[The data]:
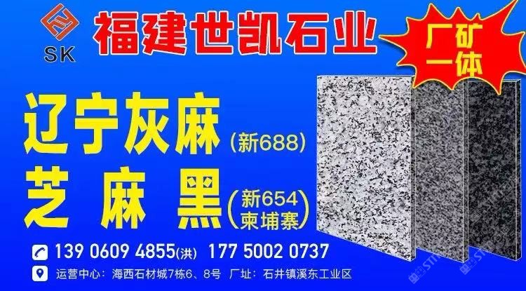 福建世凱石業(yè) 聯(lián)系人:洪先生    139****4855 查看 手機號碼:無 主營范圍: 大板批發(fā)、荒料、花崗巖加工、異型加工、礦山、 企業(yè)地址:福建泉州南安市水頭鎮(zhèn)海西石材城花崗巖7棟6-8號
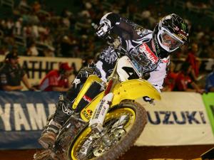 Team Makita Suzuki’s Ricky Carmichael raced to his fifth win of the season at Saturday night’s Indianapolis Supercross to close within one point of the Amp’d AMA Supercross series lead.
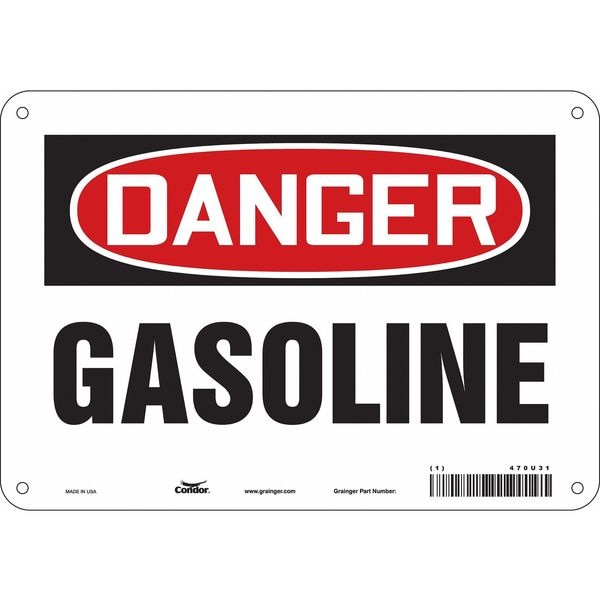 Safety Sign, Vertical Rectangle, Number of Printed Sides 1, English, Sign Format Traditional OSHA, Sign Legend Gasoline, Sign Legend Background Color White, Sign Legend Style Text
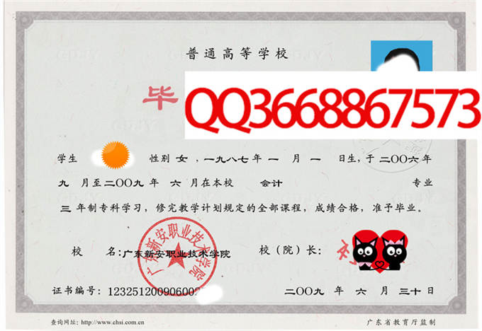 备注:本公司资料库存有广东新安职业技术学院的历年成人毕业证、自考毕业证、统招毕业证样本。拥有广东新安职业技术学院历任院(校)长。
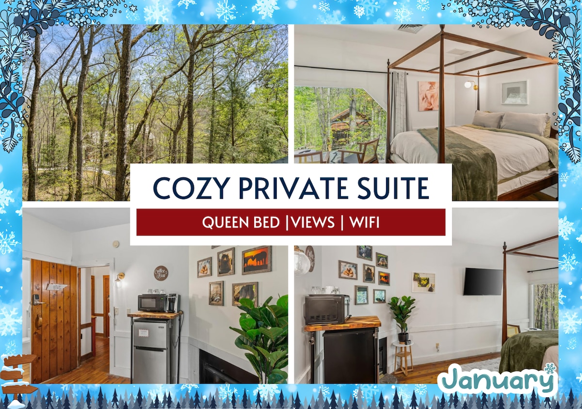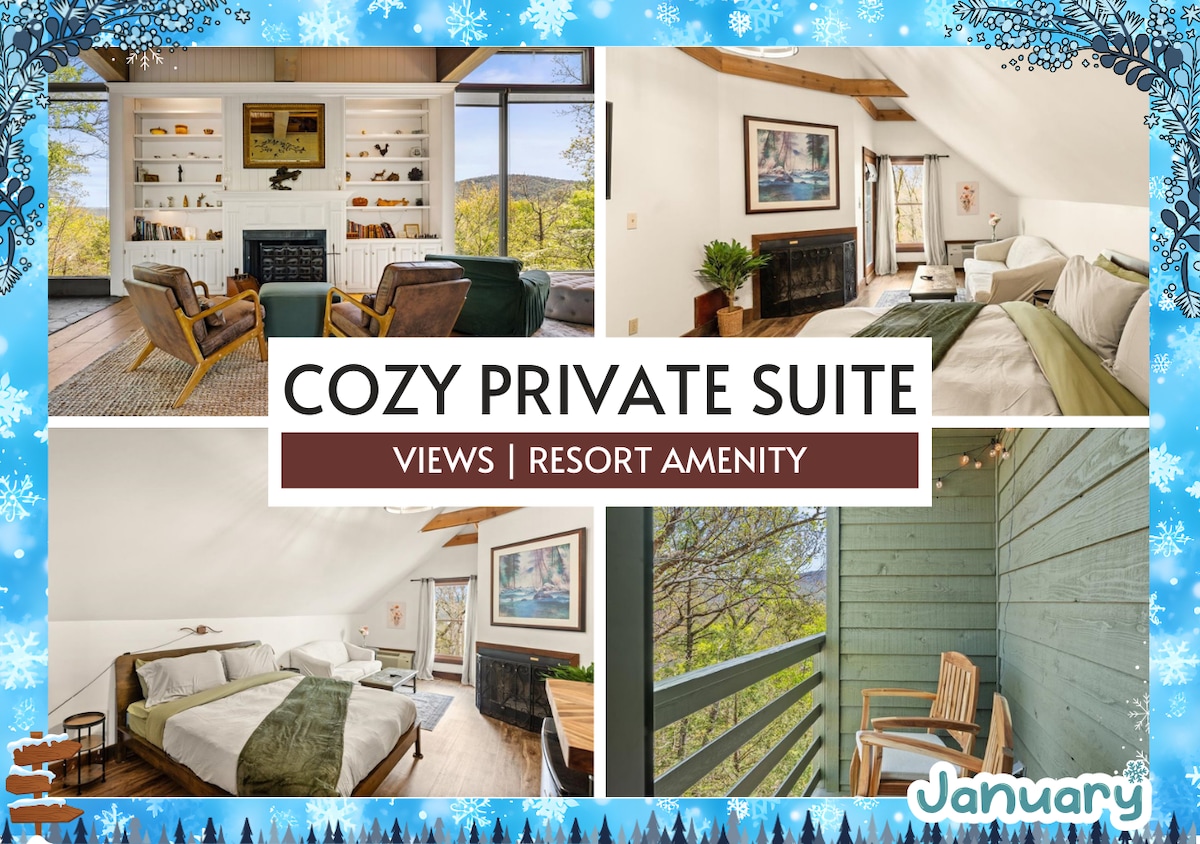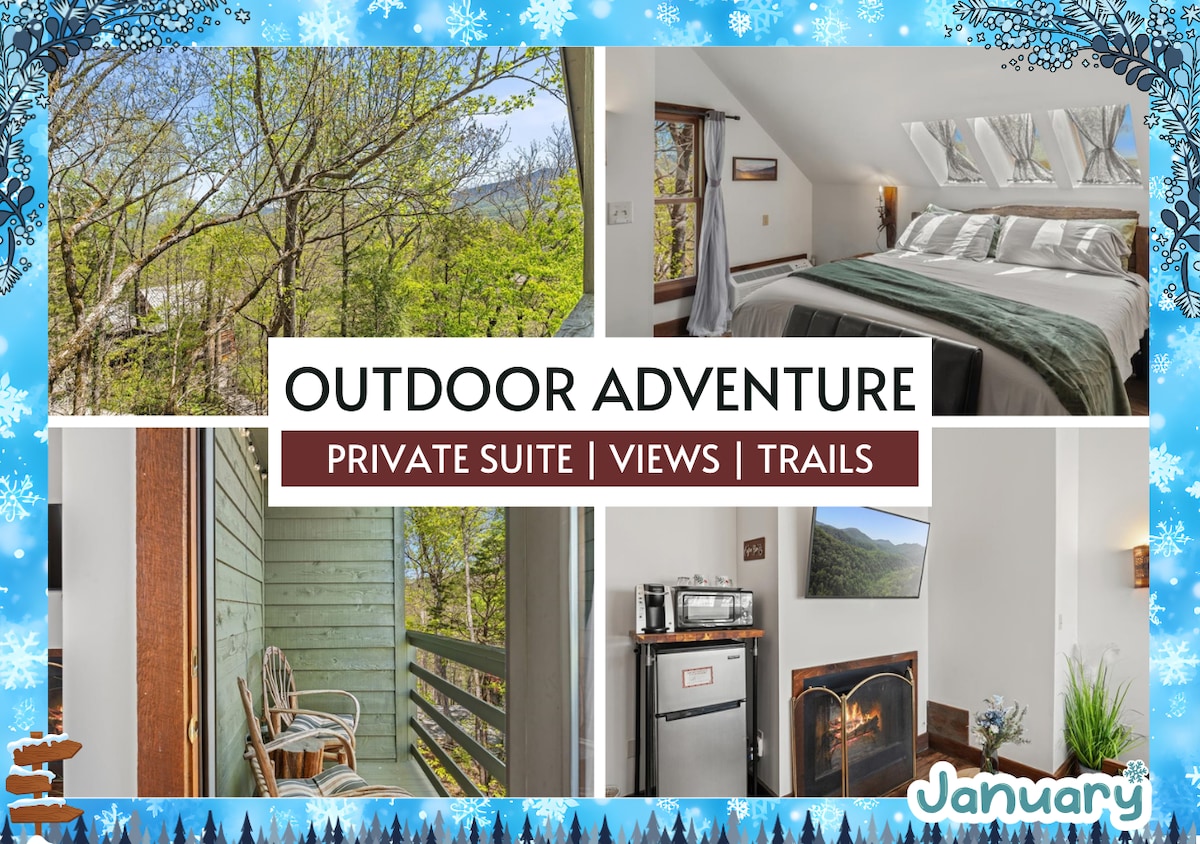 ★ “Twilight Ridge was the most peaceful place I’ve stayed. We watched the stars through the skylights and had coffee on the balcony—it was perfect.” ★ Twilight Ridge is your personal pocket of peace in the Smoky Mountains. This spacious suite blends mountain charm with modern comfort—skylights above the bed, a cozy sofa nook, and a private balcony with forest views—plus complimentary breakfast each morning.
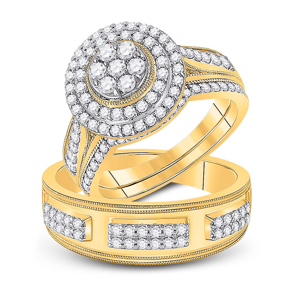 REF-119A5M - 1 & 1/4 CTW His Hers Round Diamond Cluster Matching Wedding Set 10kt Yellow Gold - REF-119A5M
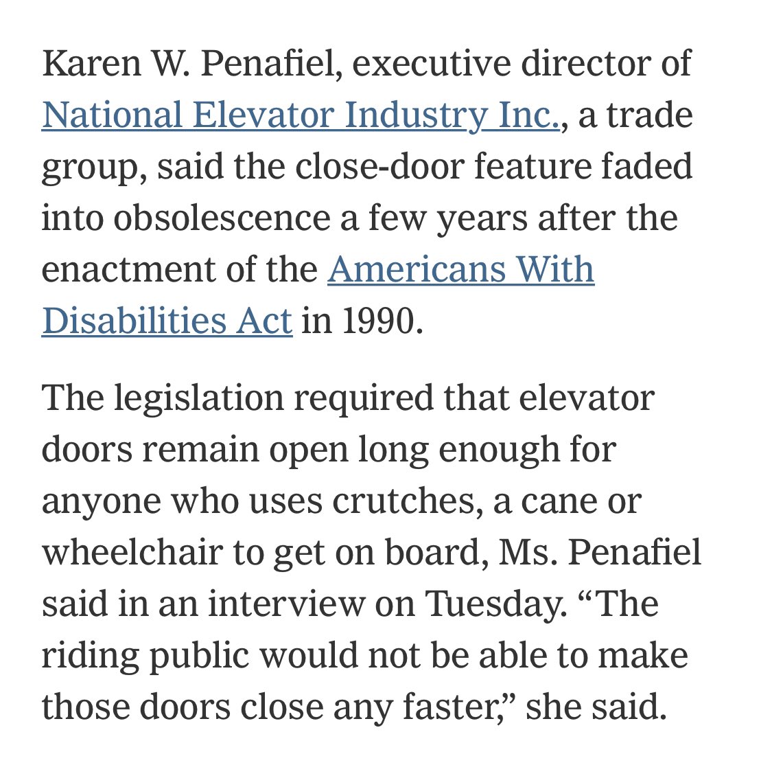 “Karen W. Penafiel, executive director of National Elevator Industry, a trade group, said the close-door feature faded into obsolescence” https://www.nytimes.com/2016/10/28/us/placebo-buttons-elevators-crosswalks.html …pic.twitter.com/WMnHA6wpbc
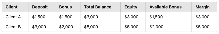 • Example: If Client C has a balance of $2,500 and a bonus of $2,000, and requests a $1,000 withdrawal, the new balance will be $1,500 and the bonus will be $1,000.
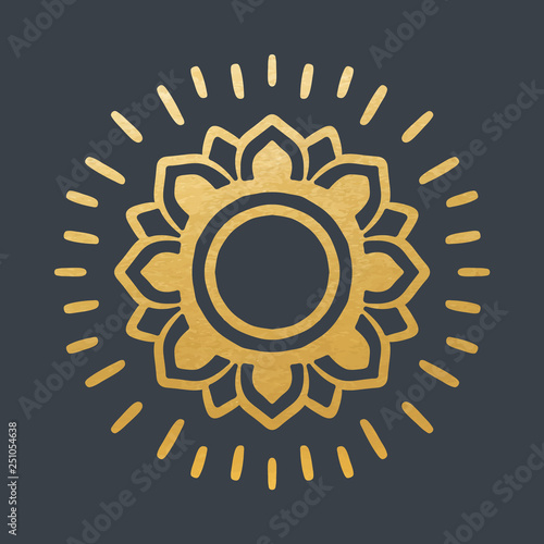 Beautiful Golden Sun. Hand Drawn. Ornamental Mandala.
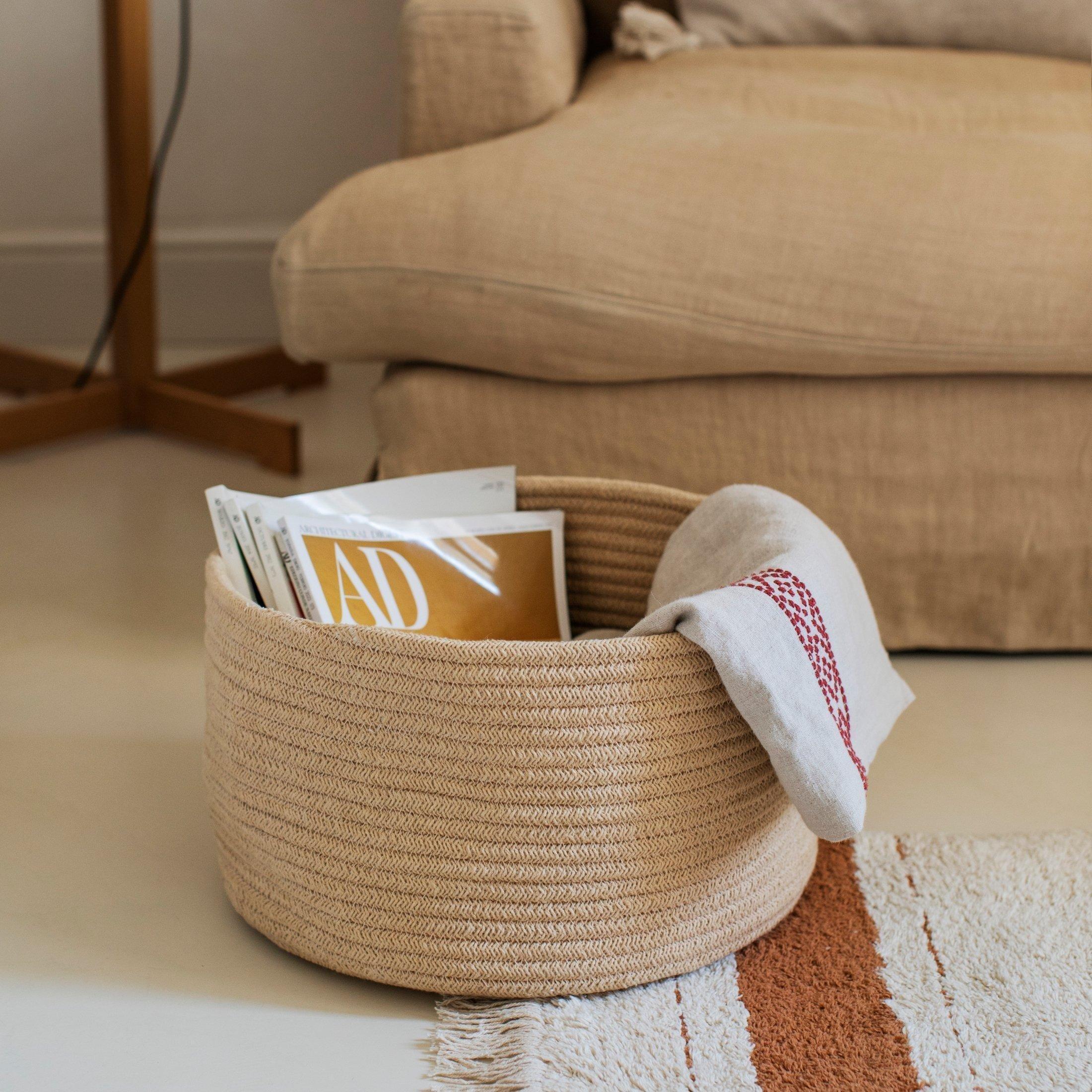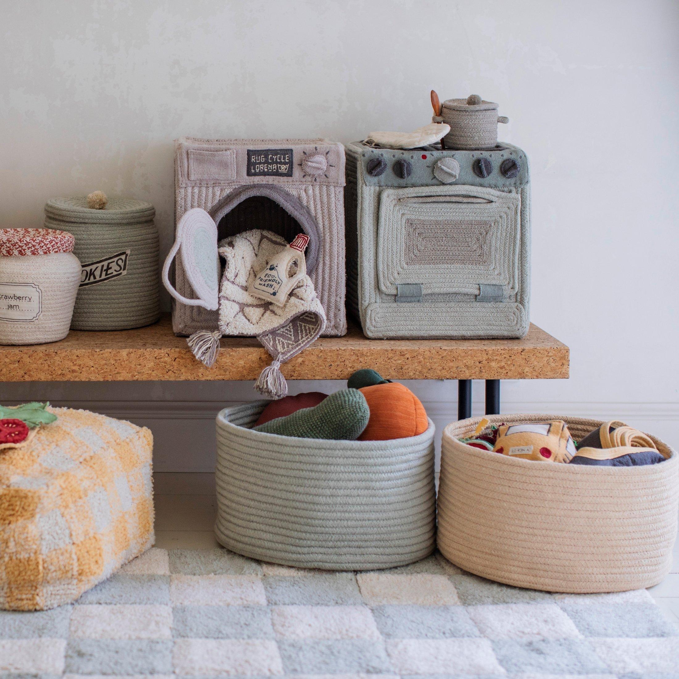• A practical round basket of braided thick cords made of fibers from recycled PET-bottles mixed with our cotton colors.  The thicker PET yarn cord gives the basket more stability. Available In new fresh colors combining perfectly with the Kitchen collection as well as realier launched collections.

[Brief]: Reproduce every entry exactly; images stay out.

[Response]:
 福建世凱石業(yè) 聯(lián)系人:洪先生    139****4855 查看 手機號碼:無 主營范圍: 大板批發(fā)、荒料、花崗巖加工、異型加工、礦山、 企業(yè)地址:福建泉州南安市水頭鎮(zhèn)海西石材城花崗巖7棟6-8號
 Team Makita Suzuki’s Ricky Carmichael raced to his fifth win of the season at Saturday night’s Indianapolis Supercross to close within one point of the Amp’d AMA Supercross series lead.
 Safety Sign, Vertical Rectangle, Number of Printed Sides 1, English, Sign Format Traditional OSHA, Sign Legend Gasoline, Sign Legend Background Color White, Sign Legend Style Text
 备注:本公司资料库存有广东新安职业技术学院的历年成人毕业证、自考毕业证、统招毕业证样本。拥有广东新安职业技术学院历任院(校)长。
 ★ “Twilight Ridge was the most peaceful place I’ve stayed. We watched the stars through the skylights and had coffee on the balcony—it was perfect.” ★ Twilight Ridge is your personal pocket of peace in the Smoky Mountains. This spacious suite blends mountain charm with modern comfort—skylights above the bed, a cozy sofa nook, and a private balcony with forest views—plus complimentary breakfast each morning.
 REF-119A5M - 1 & 1/4 CTW His Hers Round Diamond Cluster Matching Wedding Set 10kt Yellow Gold - REF-119A5M
 “Karen W. Penafiel, executive director of National Elevator Industry, a trade group, said the close-door feature faded into obsolescence” https://www.nytimes.com/2016/10/28/us/placebo-buttons-elevators-crosswalks.html …pic.twitter.com/WMnHA6wpbc
 • Example: If Client C has a balance of $2,500 and a bonus of $2,000, and requests a $1,000 withdrawal, the new balance will be $1,500 and the bonus will be $1,000.
 Beautiful Golden Sun. Hand Drawn. Ornamental Mandala.
• A practical round basket of braided thick cords made of fibers from recycled PET-bottles mixed with our cotton colors.  The thicker PET yarn cord gives the basket more stability. Available In new fresh colors combining perfectly with the Kitchen collection as well as realier launched collections.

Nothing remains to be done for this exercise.